#### Source data:
↓
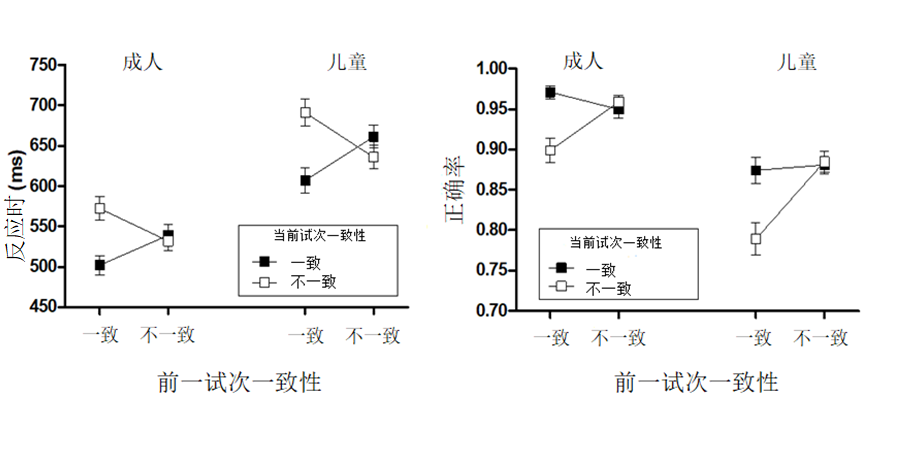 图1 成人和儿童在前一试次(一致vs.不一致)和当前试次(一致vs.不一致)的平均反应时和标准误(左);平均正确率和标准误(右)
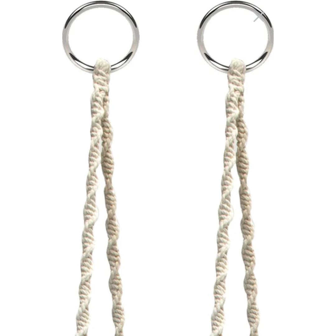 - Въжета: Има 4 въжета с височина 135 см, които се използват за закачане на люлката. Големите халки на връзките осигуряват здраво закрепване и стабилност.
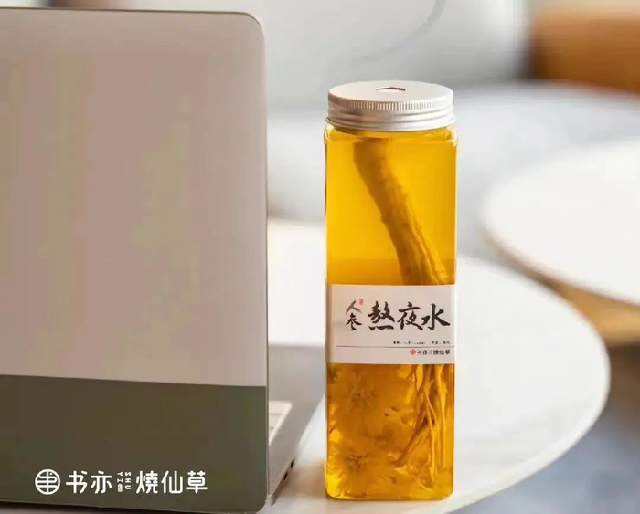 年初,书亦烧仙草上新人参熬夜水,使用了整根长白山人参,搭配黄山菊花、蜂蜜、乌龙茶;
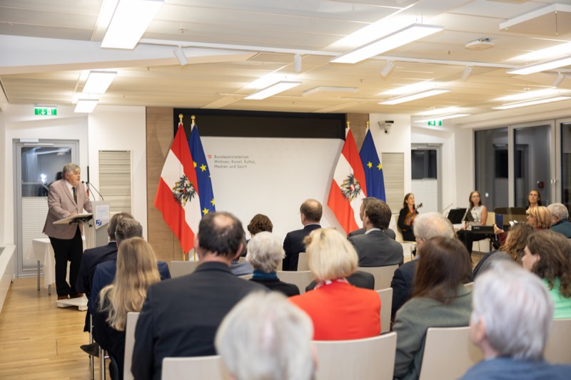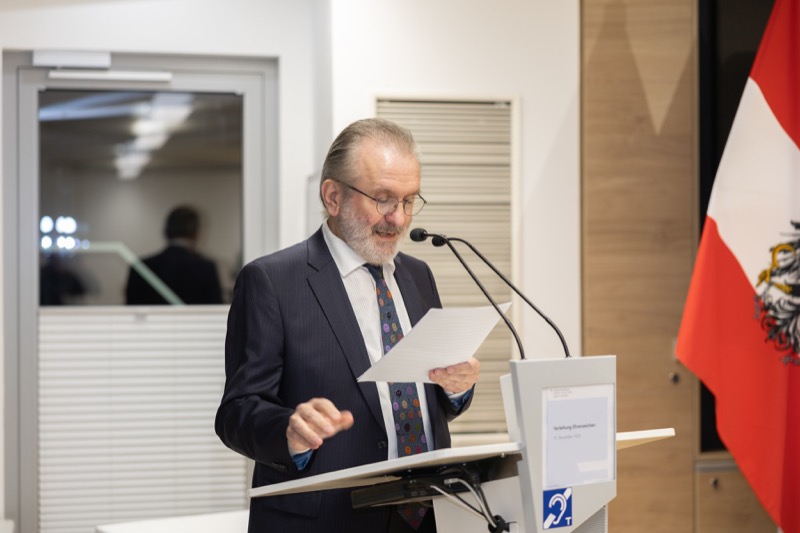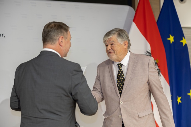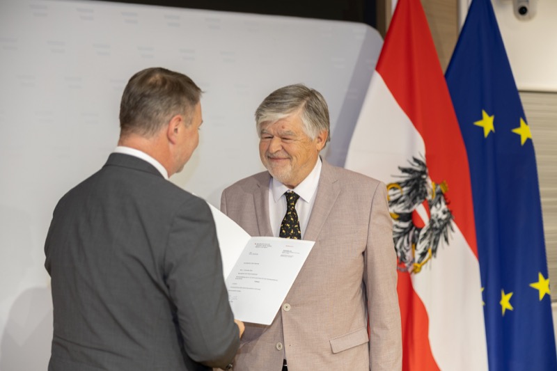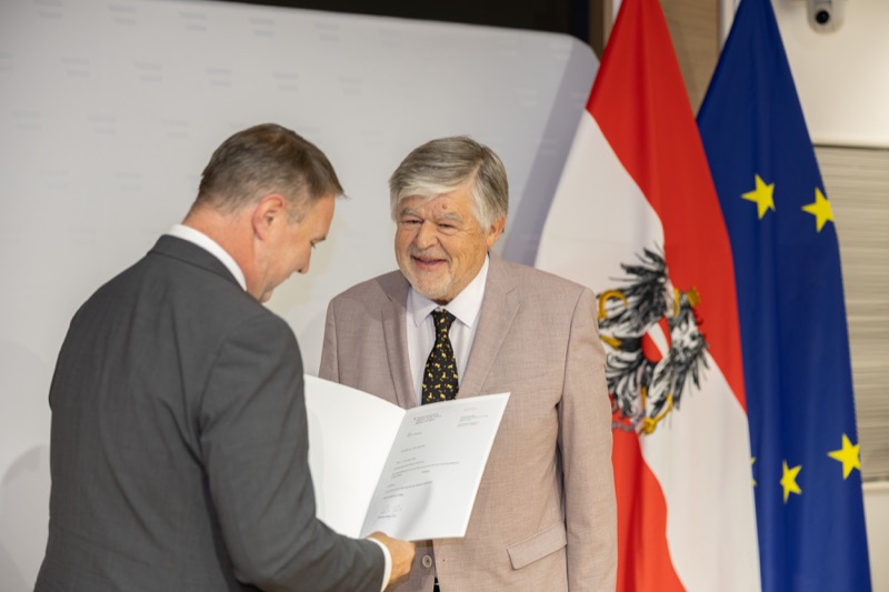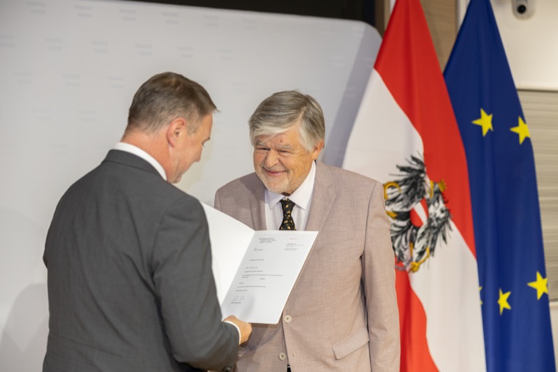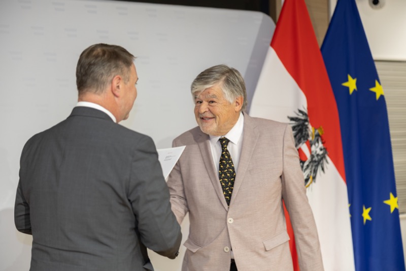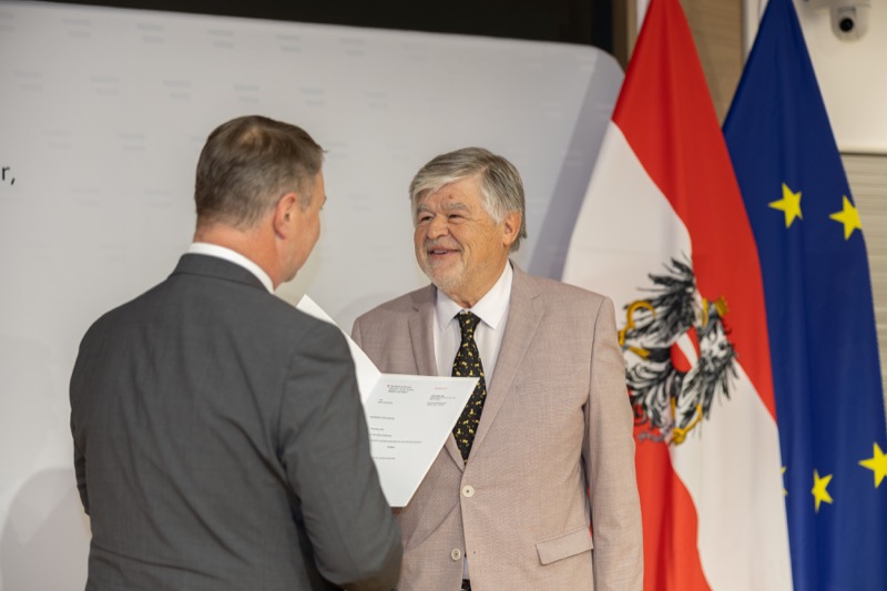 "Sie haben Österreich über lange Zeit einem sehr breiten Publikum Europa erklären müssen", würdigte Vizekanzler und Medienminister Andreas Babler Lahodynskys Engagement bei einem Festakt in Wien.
↑
#### Exercise description:
Give back an exact copy of the material above, omitting the pictures.

#### Solution to this exercise:
 图1 成人和儿童在前一试次(一致vs.不一致)和当前试次(一致vs.不一致)的平均反应时和标准误(左);平均正确率和标准误(右)
 - Въжета: Има 4 въжета с височина 135 см, които се използват за закачане на люлката. Големите халки на връзките осигуряват здраво закрепване и стабилност.
 年初,书亦烧仙草上新人参熬夜水,使用了整根长白山人参,搭配黄山菊花、蜂蜜、乌龙茶;
 "Sie haben Österreich über lange Zeit einem sehr breiten Publikum Europa erklären müssen", würdigte Vizekanzler und Medienminister Andreas Babler Lahodynskys Engagement bei einem Festakt in Wien.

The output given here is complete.